[Dataset excerpts]
[Start of Attachment]

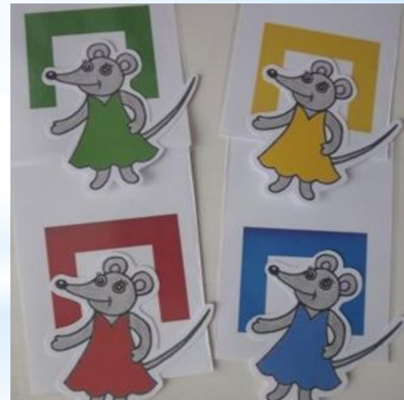
«Найди мышке норку»
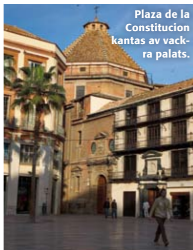
Plaza de la Constitución kantas av vackra palats.

Det finns mycket att köpa i Málaga, i synnerhet kläder och skor. Längs paradgatan Calle Larios ligger de fina, trendiga butikerna. Titta in på Pinsapo om du vill ha internationella prestigemärken, på Pull&Bear om du vill ha ungt, trendigt mode. Bra barnkläder finns på Zara-ägda Kiddies Class.
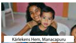
Kärlekens Hem, Manacapuru
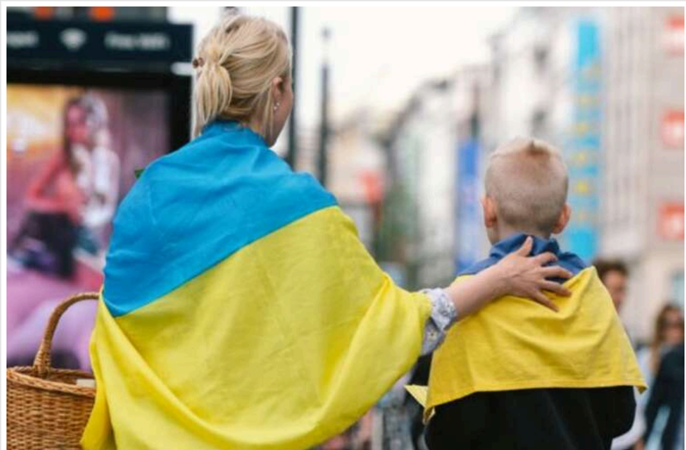
В ЄС немає чіткого плану: Мільйони українських біженців можуть втратити свій правовий статус після припинення вогню з Росією

Мільйони українських біженців у ЄС можуть зіштовхнутися із загрозою втрати свого правового статусу, оскільки не існує чіткого плану, що дозволяє їм залишитися після припинення вогню з Росією.
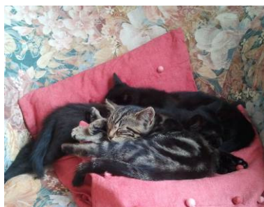
Une équipe de « supporters » toujours présente...
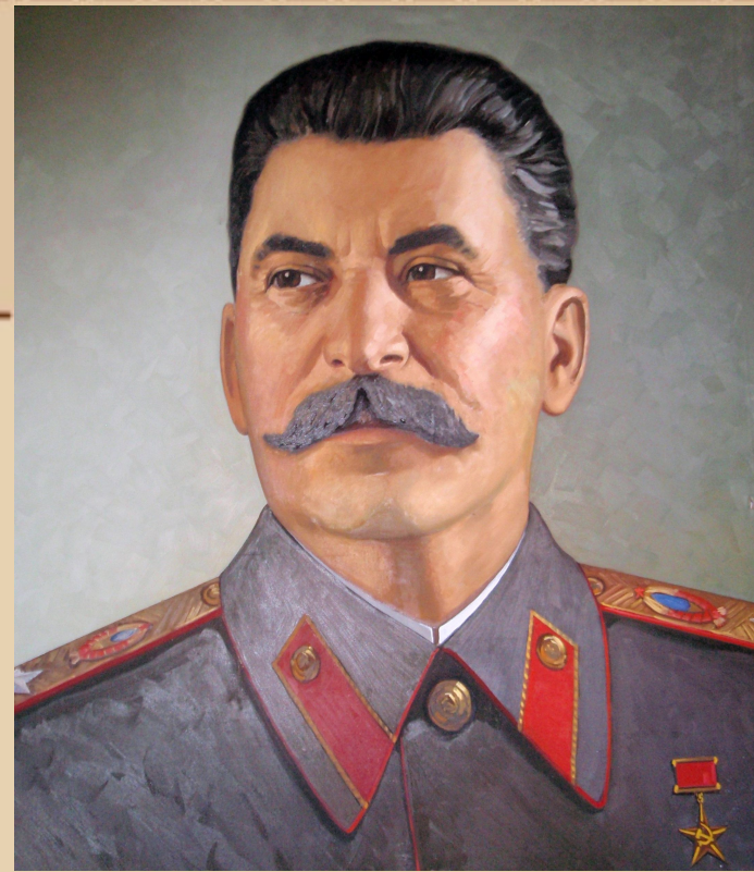
Сталин Иосиф Виссарионович
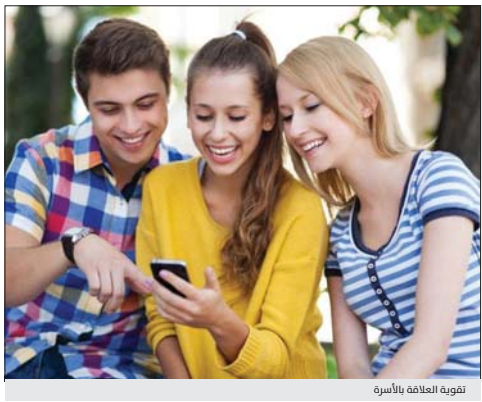
تقوية العلاقة بالأسرة
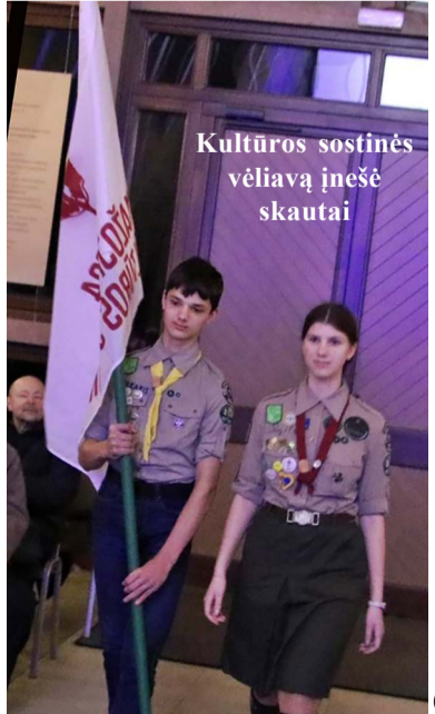
Kultūros sostinės vėliavą įnešė skautai

Dubingių bažnyčioje Vasario 16-osios išvakarėse būta ypatingo kultūrinio įvykio - mat čia įvyko Mažosios kultūros sostinės atida-
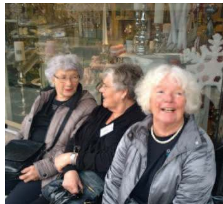
Godt med benk på utsiden!

etasje på etasje med det utroligste av amerikanske varer! Vareoppstillingen må ta tid her!
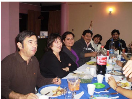
Convivencia de Socios

Los profesores del departamento físico junto a sus representantes de clase, realizaron en forma semestral, convivencias con sus respectivos grupos de clases. Realizando durante el año 2009 más de 50 convivencias de clases.
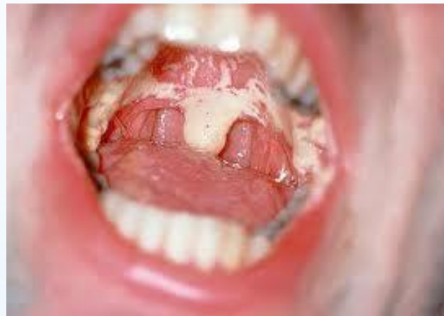
СПИД-тің ауыз қуысындағы көрінісі
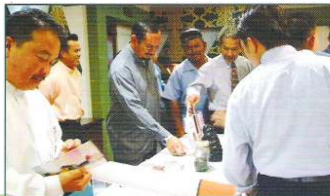
Pegawai dan kakitangan KPSU dan jabatan-jabatan di bawahnya sedang menyaksikan pameran

Kempen berkenaan antara lain bertujuan mempertingkatkan dan memperkukuhkan tindakan bersepadu agensi-agensi kerajaan dalam usaha membanteras penggunaan tembakau, rokok dan merokok selain mempertingkatkan lagi kesedaran di kalangan orang ramai mengenai bahaya rokok dan merokok, menghindarkan diri dari mula merokok, kesan rokok dan merokok terhadap perokok pasif.
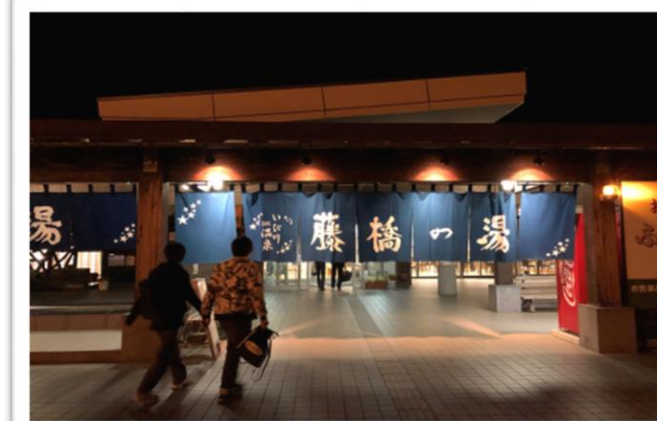
地域の方々と毎日温泉

[End of Attachment]

Required action:
Whenever a line of the records holds the string "біженців", pick it out and copy it.

Exercise solution:
В ЄС немає чіткого плану: Мільйони українських біженців можуть втратити свій правовий статус після припинення вогню з Росією
Мільйони українських біженців у ЄС можуть зіштовхнутися із загрозою втрати свого правового статусу, оскільки не існує чіткого плану, що дозволяє їм залишитися після припинення вогню з Росією.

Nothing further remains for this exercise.